= History of Albany, New York (1900–1942) =

The history of Albany, New York from 1900 to 1942 begins at the start of the 20th century and ends with the beginning of the tenure of Erastus Corning 2nd as mayor in 1942.

Albany opened one of the first commercial airports in the world, and the first municipal airport in the United States, in 1908. Originally located on a polo field on Loudon Road, it moved to Westerlo Island in 1909 and remained there until 1928. The Albany Municipal Airport—jointly owned by the city and county—was moved to its current location in Colonie in 1928. In 1960, the mayor sold the city's stake in the airport to the county, citing budget issues. It was known from then on as Albany County Airport until a massive upgrade and modernization project between 1996 and 1998, when it was rechristened Albany International Airport. By 1916, portions of Albany's northern and southern borders had reached their modern courses; Westerlo Island, to the south, became the second-to-last annexation in 1926.

==Overview==

In 1901 as part of the Arbor Day celebration Dana Park is opened, where Delaware Avenue and Lark Street meet at Madison Avenue. Also in 1901 a strike occurred by the employees of the United Traction Company (UTC), which ran the inter-city and intra-city mass transit buses and trolleys. The strike begins on May 7, and on May 14 the governor sends the 10th Battalion and Third Signal Corps to keep order on the UTC's routes, the next day the 23rd Regiment of Brooklyn is sent as reinforcement and the city is placed under martial law. On May 16 a mob attacks one of the UTC cars on Broadway just north of Columbia Street. The 23rd Regiment opens fire and two are killed, the strike ends on May 19. Later in 1901 the local baseball team wins the State Pennant, they will win again in 1902. In 1902 Charles Gaus (Republican) becomes mayor of Albany after defeating General Amsaa Parker (Democrat) by 2,354 votes in the 1901 election. He is reelected over Colonel William Rice (Democrat) by 4,563 votes in the 1903 election, and in the 1905 election over Dr. William Wansboro by 8,536 votes.

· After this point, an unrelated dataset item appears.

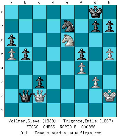 Last move : 0-1 2024 August 27 9:0:4 [Event "FICGS__CHESS__RAPID_B__000396"] [Site "FICGS"] [Date "2024.04.21"] [Round "1"] [White "Vollmer,Steve"] [Black "Trigance,Emile"] [Result "0-1"] [WhiteElo "1839"] [BlackElo "1867"] 1.d4 d5 2.c4 e6 3.Nc3 Nf6 4.Nf3 Bb4 5.Qc2 dxc4 6.e4 b5 7.a4 c6 8.Bd2 Bxc3 9.bxc3 Qc7 10.Be2 Bb7 11.O-O Nbd7 12.Rfb1 a6 13.g3 O-O 14.Bf4 Qd8 15.Bd6 Re8 16.a5 Nf8 17.Bb4 Ng6 18.Nd2 Qc7 19.f4 Nd7 20.Re1 c5 21.dxc5 Nxc5 22.Rad1 Rad8 23.Bf3 Nd3 24.Rf1 Nxb4 25.cxb4 Rd7 26.Kg2 Red8 27.h4 f5 28.exf5 exf5 29.h5 Ne7 30.Bxb7 Qxb7+ 31.Kh2 Rd3 32.Rfe1 c3 33.Nb3 Rxd1 34.Rxd1 Rxd1 35.Qxd1 Qd5 36.Qc2 Qc4 37.Nc5 Qxb4 38.Ne6 Qb2 0-1 Follow this game move after move (download)When asked, -How is that you pick better moves than your opponents?, I responded: I'm very glad you asked me that, because, as it happens, there is a very simple answer. I think up my own moves, and I make my opponent think up his. (Alexander Alekhine) Wenn Dein Gegner dir ein Remis anbietet, versuch herauszufinden, weshalb er glaubt schlechter zu stehen. (Nigel Short) El Ajedrez es un regaderazo frío para la mente. (Sir John Simon) On a dit que l'homme se distingue de l'animal par le fait qu'il achète plus de livres qu'il ne peut en lire. Je voudrais suggérer qu'inclure à la liste des livres quelques livres d'échecs rendrait la distinction manifeste. (Edward Lasker) Indecision is the key to flexibility. (Unknown)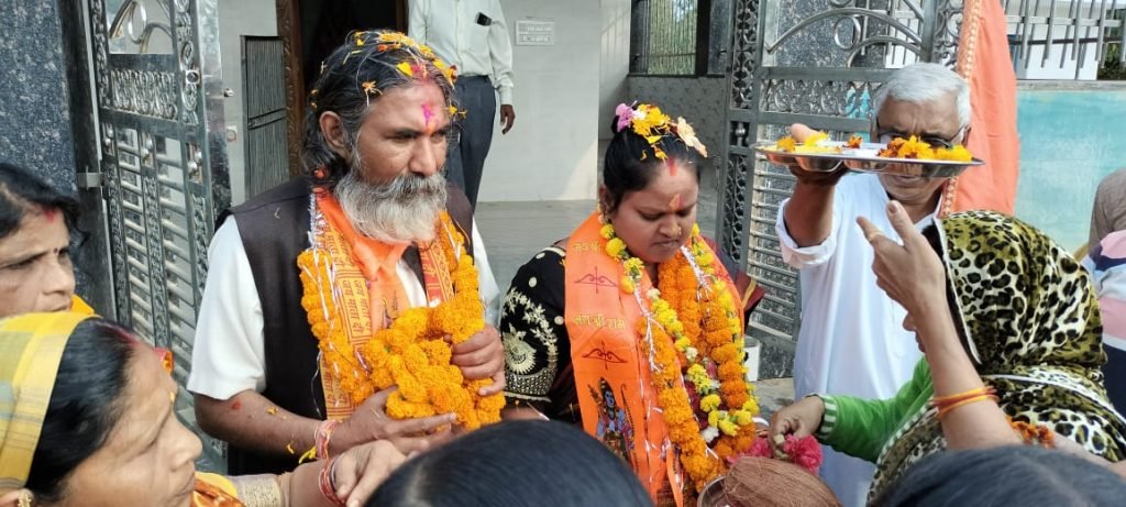नरहरपुर – पूरे देश मे माहौल जय श्री राम के नारों जे गूंज रहा है। लोगों में काफी उत्साह का माहौल है। संतोषी दुर्गा के आंखों में खुशी के आँशु सब कुछ बयां कर रही था। 18 जनवरी को नगर में निवासरत संतोषी दुर्गा व अंतागढ़ के पूर्व विधायक भोजराज नाग को राम लला की प्राण प्रतिष्ठा के आमंत्रण पर नगरवाशियो द्वारा नगर के माँ शीतला मंदिर प्रांगण में माँ शीतला के पूजा पाठ के साथ भव्य स्वागत कर बजे गाजे के साथ विदाई किये, नगर के रामभक्तो द्वारा माँ शीतला मंदिर से स्वागत रैली निकल कर नीलकंठेश्वर मदिर तक आकर विदाई किये विदाई पूर्व मंदिर में भगवान शिव का भी आराधना कर अयोध्या के लिए विदाई हुए वही रामलला की भूमि अयोध्या में भव्य और नव्य राम मंदिर प्राण प्रतिष्ठा को लेकर नगर नरहरपुर पूरी तरह से भक्तिमय हो चूका हैं | नगर के हर जगह भगवा ध्वज लहरा रहा हैं | वही 18 जनवरी गुरुवार को जिला के दो व्यक्ति को रामलला के बुलावा का आमंत्रण मिला और जब इस कार्यक्रम में शामिल होने के विदाई किये तो आस्था और श्रद्धां का ये भव्य और नव्य नजारे से नगर नरहरपुर रामभक्ति में डूबा दिखा | विदाई में बड़े बड़े भगवा ध्वज लिए महिलाओ से लेकर युवा तक उत्साह में दिखे और हर कोई जय श्री राम के के जयकारे लगाते रहे |इस अवसर पर जनपद पंचायत के सीईओ पी के गुप्ता, नगर पंचायत से लेखापाल ऋषभ सिंह, स्वास्थ्य विभाग से टीम व माँ शीतला के पुजारी रामनाथ नेताम, मुकेश संचेती, शीतल साहू, पंचू राम साहू, नितेश मगेंद्र, पुष्कर सिन्हा, राजेश नाग, ओमेश सोनवंशी, दीपक यादव, सुशीला सिन्हा, उमा सिन्हा, विनोद साहू, आशा रावटे, मनोरमा साहू, रुखमणि सिन्हा, चंद्र किरण बघेल, विशाल पगरिया, आकाश साहू, जयंत सिन्हा, बंटी निषाद सहित सरस्वती शिशु मंदिर के समस्त स्टाप व बच्चे व नगरवासी उपस्थित रहे l

The Albany County Municipal Airport was the first municipal airport and Albany International Airport remains the oldest in the United States. In 1908 the airstrip was located on a former polo field on Loudonville Road, three miles (5 km) north of the city in the town of Colonie. In 1909 the airport was moved to Westerlo Island, which is in the city of Albany, but at that time was in the town of Bethlehem. The airport was named after Teddy Roosevelt's son, Quentin, a fighter pilot during World War I. A $10,000 prize was established for sustained flight between Albany and New York City; Glen Curtiss achieved this feat on May 29, 1910. Other early pioneers of aviation that stopped at this early field were Charles Lindbergh, Amelia Earhart, and James Doolittle.

Mayor John Boyd Thacher II once said "a city without the foresight to build an airport for the new traffic may soon be left behind in the race for competition". He therefore decided to build in 1928 a new modern airport on the Shaker site near Albany-Shaker Road in Colonie, not far from the original polo fields used as the first site of the municipal airport. The Shakers not only sold the land used but also loaned the use of tractors and tools.

Erastus Corning 2nd, Albany's longest-serving mayor and the longest-serving mayor of any American city, was elected in 1941 and began his tenure in 1942.